## Input material
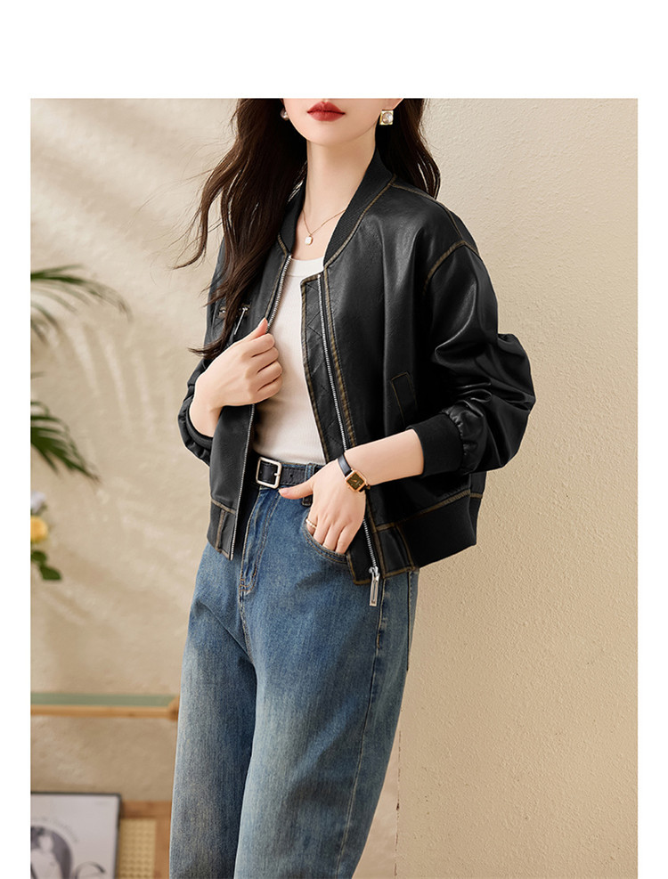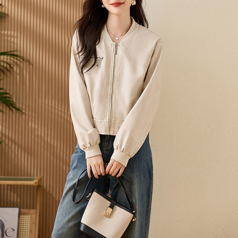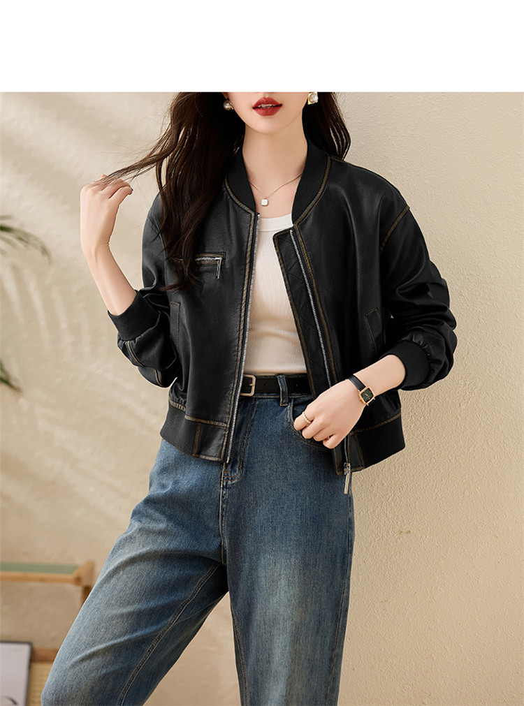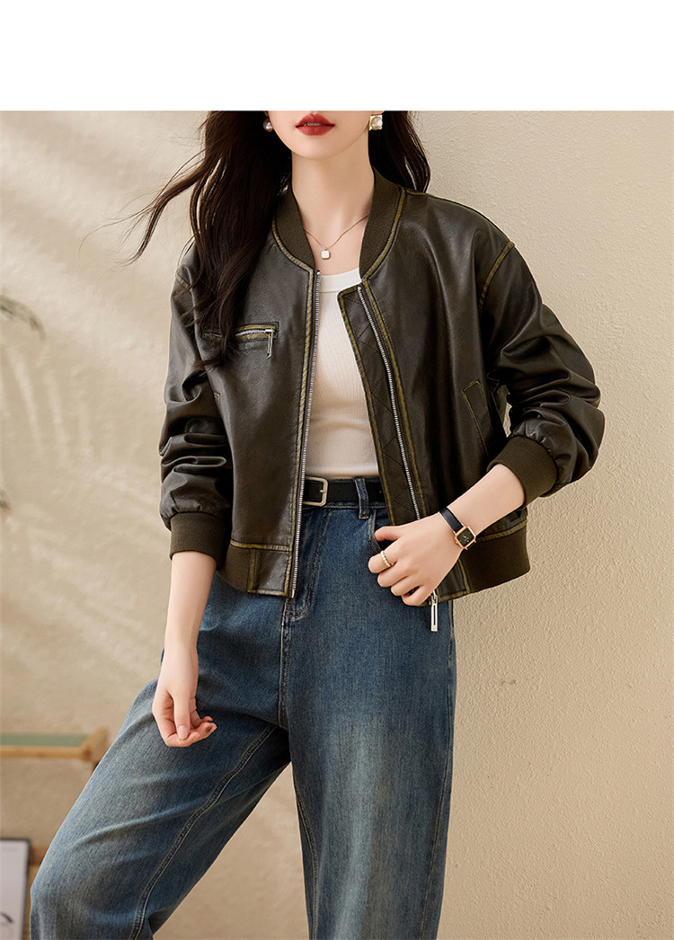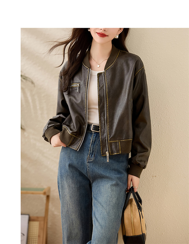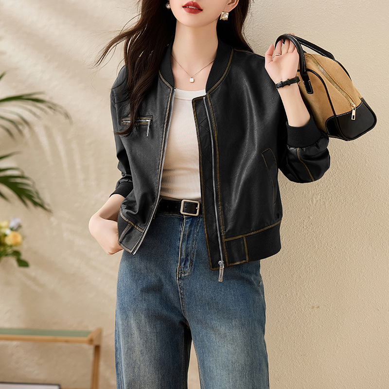 브랜드 캐주얼 정품 가죽 코트 여성의 짧은 봄과 가을 새로운 복고풍 유행 우아한 올 매치 여성 자켓스토어 가기
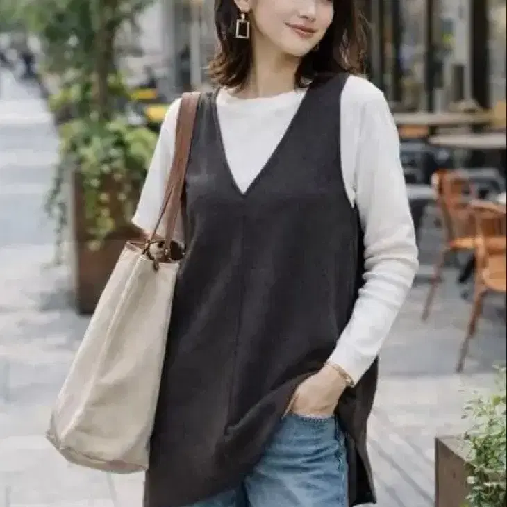 CYNICAL 슬리브리스 V넥 니트 원피스 M 다크 그레이
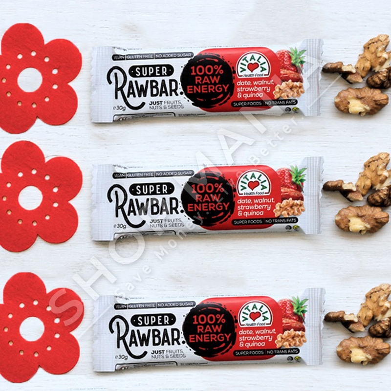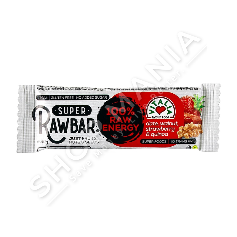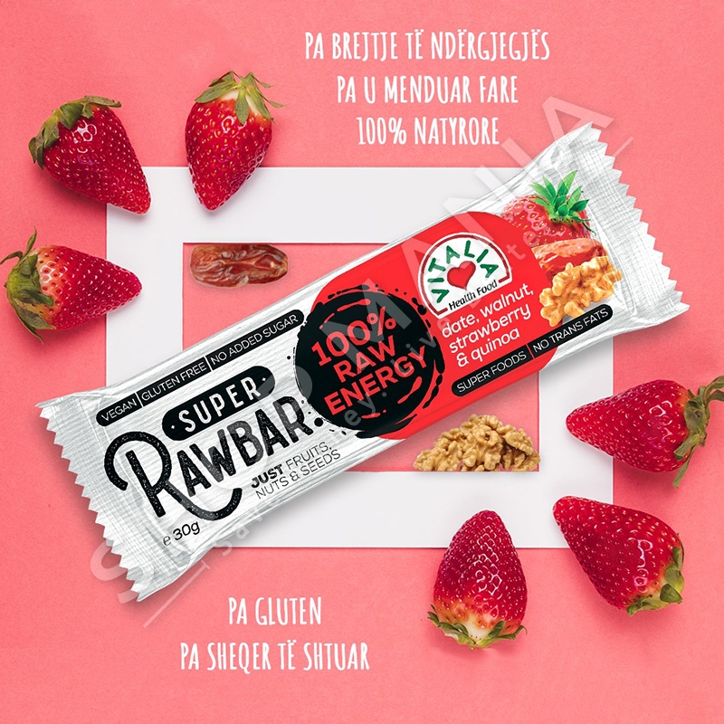 Cokollata RawBar me data, luleshtrydhe, arra dhe quinoia eshte cokollate me perberes te paperpunuar natyrale me cilesi te larte, te pasura me vitamina, minerale dhe antioksidante.
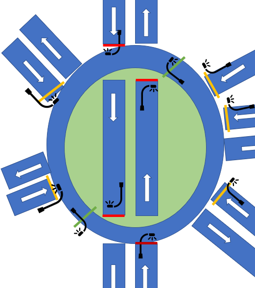 Quando scatta il rosso, le altre entrate affrontano la rotatoria normalmente (ossia dando precedenza a sinistra), senza avere il mostruoso volume di traffico in arrivo dall’asse principale.
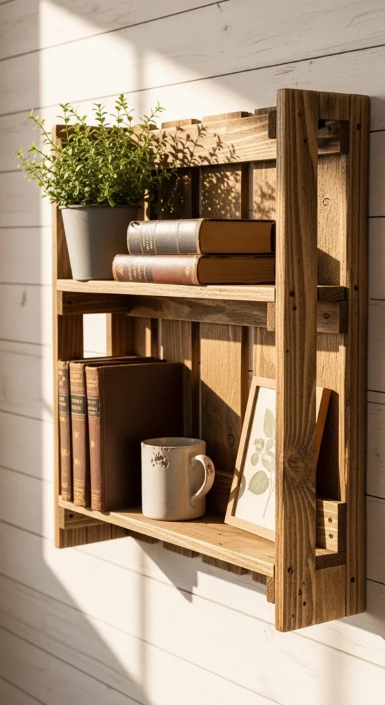 Pallet wood shelves bring rustic charm to any room. Sand thoroughly to smooth rough surfaces before installation. Apply a protective sealant to prevent dust and splinters. Anchor properly for safety and stability. This eco-friendly option adds texture and farmhouse warmth.
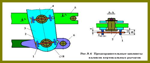 Для повышения надежности рычажной передачи и предупреждения падения затяжек и тяг обе полосы 1 (рис. 8.5) каждого вертикального и горизонтального рычага сваривают между собой планками 2. Соединительные валики при постановке в отверстия таких рычагов крепятся как обычно шайбой и шплинтом диаметром 8 мм.
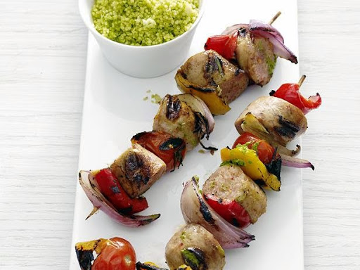 4)Toss the couscous with half of the remaining pesto and season with salt and pepper. Serve with the skewers and the remaining pesto, for dipping.
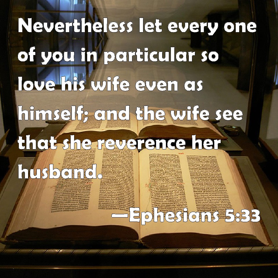 Ephesians 5:33 Nevertheless let every one of you in particular so love his wife even as himself; and the wife see that she reverence her husband.
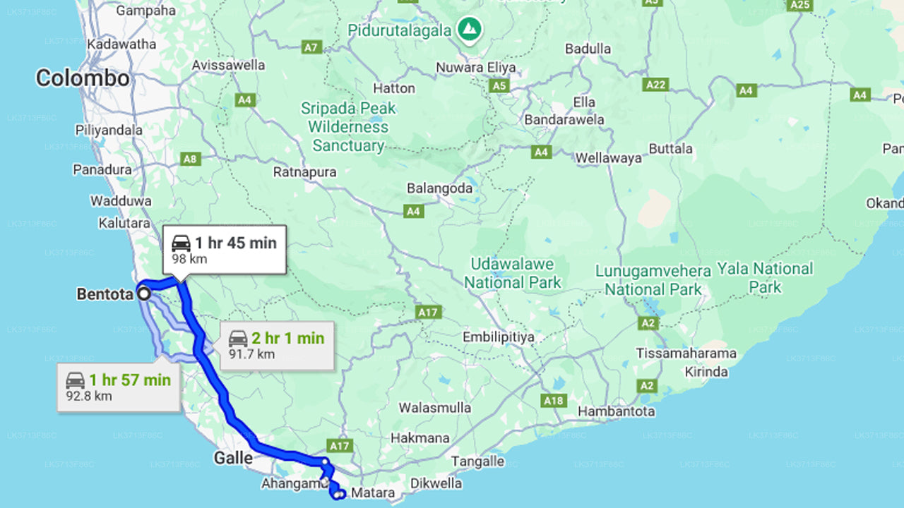 Bentota City to Udawalawe City Private Transfer
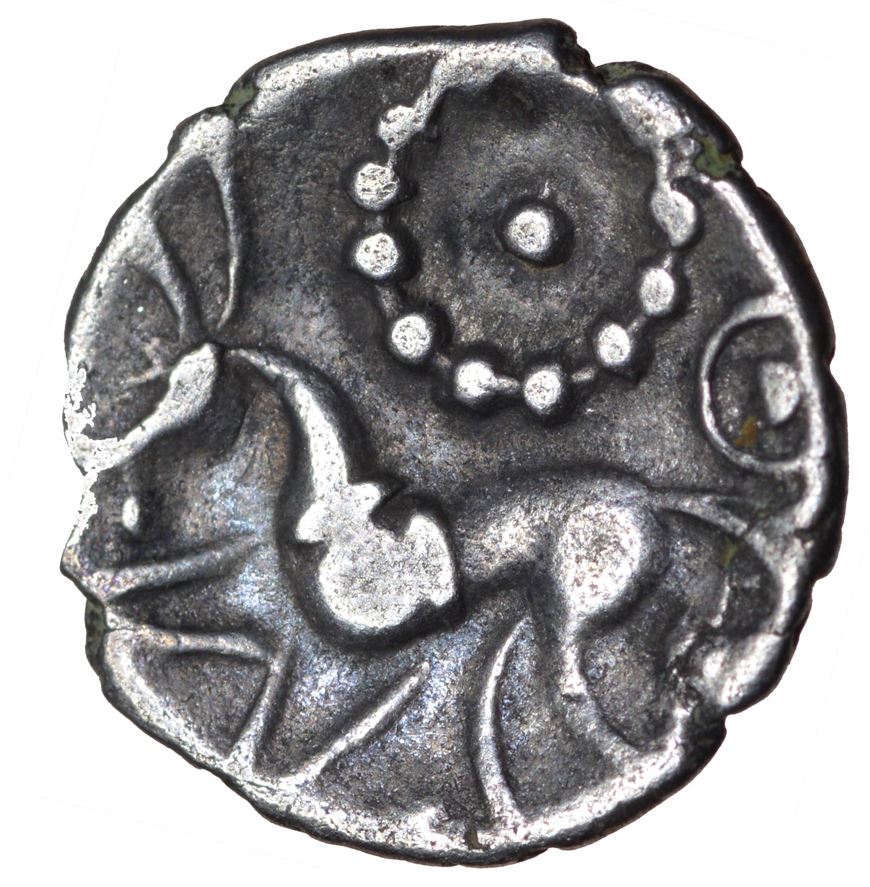 South Ferriby Natural Head Left. Rich Type 27b. c.55-45 BC. Silver unit. 14mm. 0.97g. Plain. / Horse left, belted neck and belly, beaded pellet and ringed pellet above, pellet below tail. ABC—, VA 887.1, BMC—, S–. Gd VF, lightly toned silver, bold horse and detail. Ex Luke Daniel collection. EXTREMELY RARE only 14 others recorded.                  Was £295. Now only £275
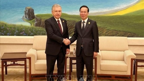 (VOVWORLD) - 在中国北京出席第三届“一带一路”国际合作高峰论坛期间,越南国家主席武文赏10月17日下午会见了乌兹别克斯坦总统米尔济约耶夫(Shavkat Mirziyoyev)。
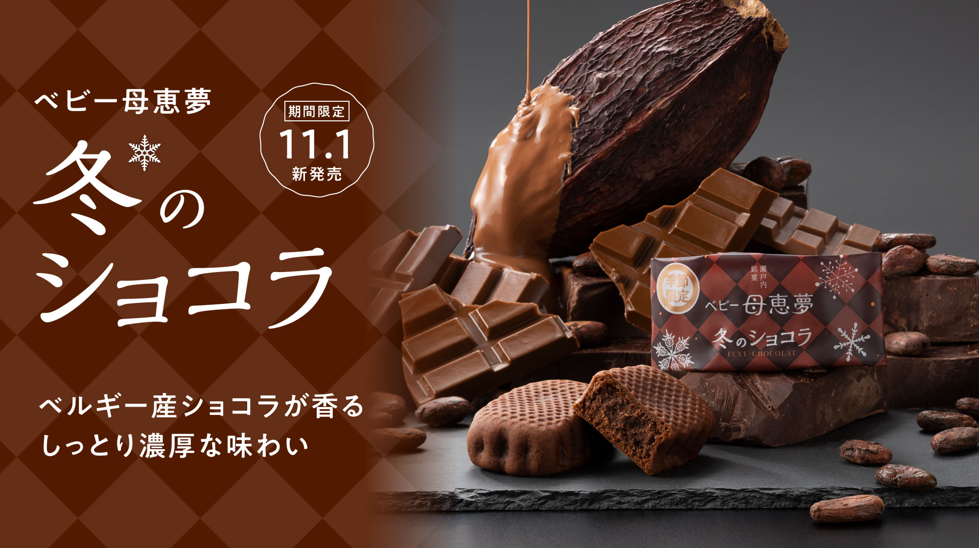 株式会社母恵夢(愛媛県 東温市)は、ロングセラーブランド「ベビー母恵夢(ベビーポエム)冬のショコラ」を11月1日(日)〜2020年2月下旬までの期間限定で発売いたします。チョコレートのしっとりとした口どけと、柔らかく濃厚な味わいをお楽しみいただけます。
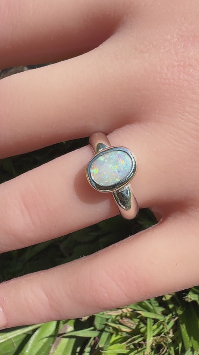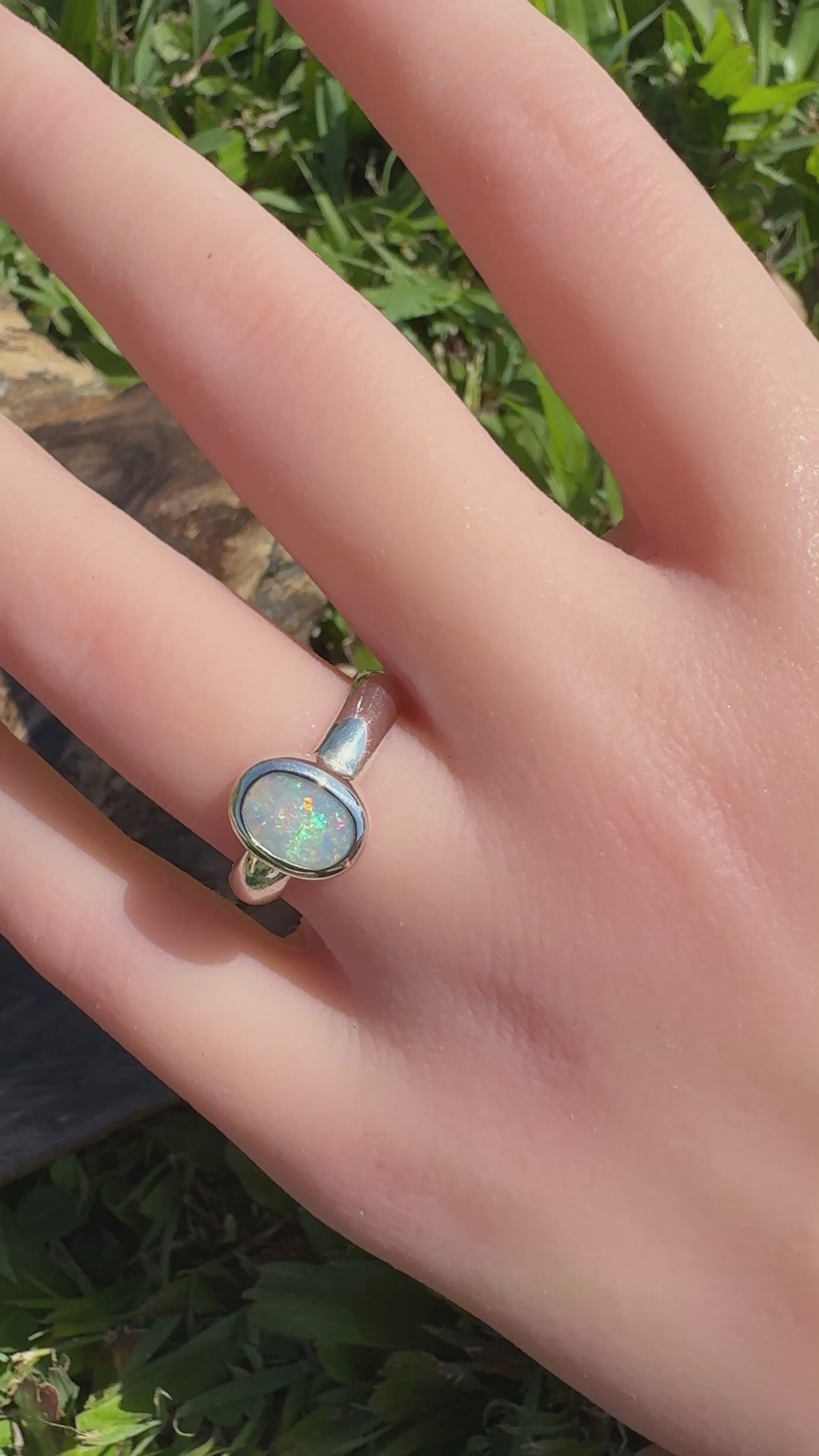 Mintabie Solid Light Opal Ring – Sterling Silver Simplicity
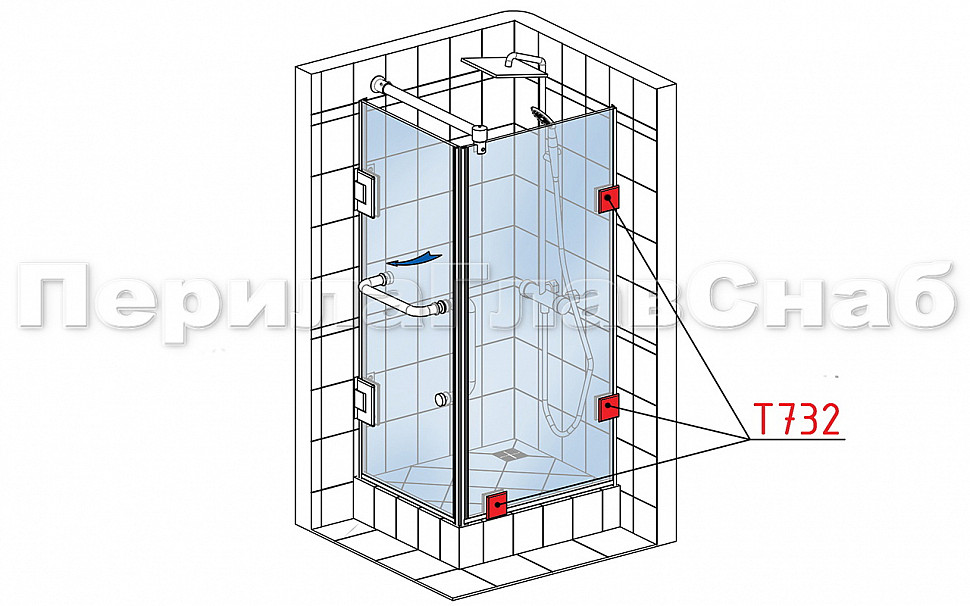 Коннектор для душевой кабины, стена-стекло 90°, 45х45 мм, цинк-хром полированный t732 PZn  купить в Воронеже
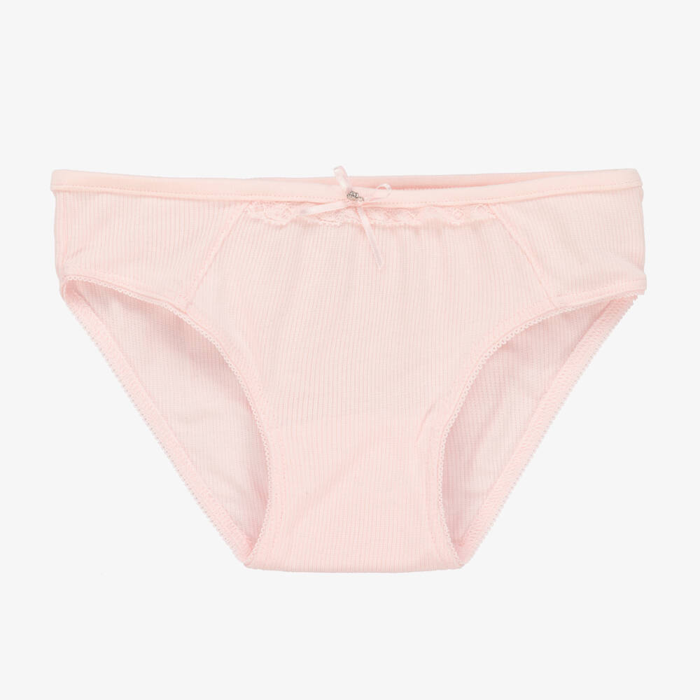 Girls pale pink knickers by Story Loris. Made with luxuriously soft, ribbed modal jersey, they have a silky bow with a diamanté embellishment on the front. There are pretty picot trims and delicate lace details.
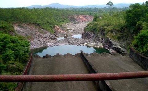 Hố nước ngay dưới chân đập tràn sự hồ Kẻ Gỗ - nơi phát hiện thịt bò trôi nổi |
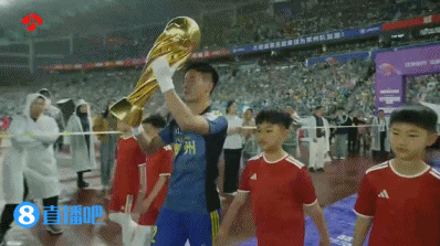 上届苏超冠军泰州队携带冠军奖杯进入球场↓
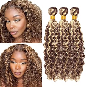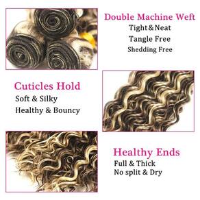 - ?Tipo e cor do pacote de cabelo? Cabelo humano ondulado profundo. Cor P4/613, dois tons marrom escuro misturado com loiro.
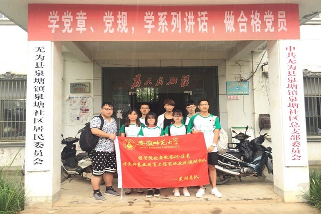本网讯(文/潘丽瑶 图/金梦涵)6月27日,经管院赴安徽省四个区县特色种养业脱贫调研团队无为分队继续开展为期7天的暑期社会实践活动。今天,团队就无为县泉塘镇特色种养业脱贫工程发展状况展开实地调研,以通过此次调研来了解其特色种养业脱贫工程现状。
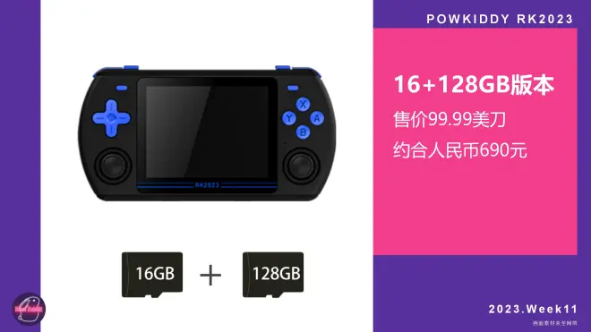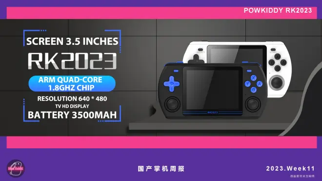 3月13日0点,霸王小子powkiddy正式发布了其2023年第一款新品:RK2023。 RK2023的SOC采用瑞芯微RK3566,其机能可以畅玩PS1、N64、NDS及以下平台,可以游玩部分PSP游戏(与友商的RG353系列产品和MINI PLUS系列产品为同一水平)。 目前已针对海外进行销售,16+64GB版本售价为89.99美刀,约合人民币620元。16+128GB版本售价为99.99美刀,约合人民币690元。国内则将于近日上架电商平台,具体售价未知。

## What the task asks
Which part of the entries opens with the line containing "株式会社母恵夢(愛媛県 東温" and closes with the line containing "Коннектор для душевой"? Output that part exactly, ends included, pictures excluded.

## Solution for this problem
 株式会社母恵夢(愛媛県 東温市)は、ロングセラーブランド「ベビー母恵夢(ベビーポエム)冬のショコラ」を11月1日(日)〜2020年2月下旬までの期間限定で発売いたします。チョコレートのしっとりとした口どけと、柔らかく濃厚な味わいをお楽しみいただけます。
 Mintabie Solid Light Opal Ring – Sterling Silver Simplicity
 Коннектор для душевой кабины, стена-стекло 90°, 45х45 мм, цинк-хром полированный t732 PZn  купить в Воронеже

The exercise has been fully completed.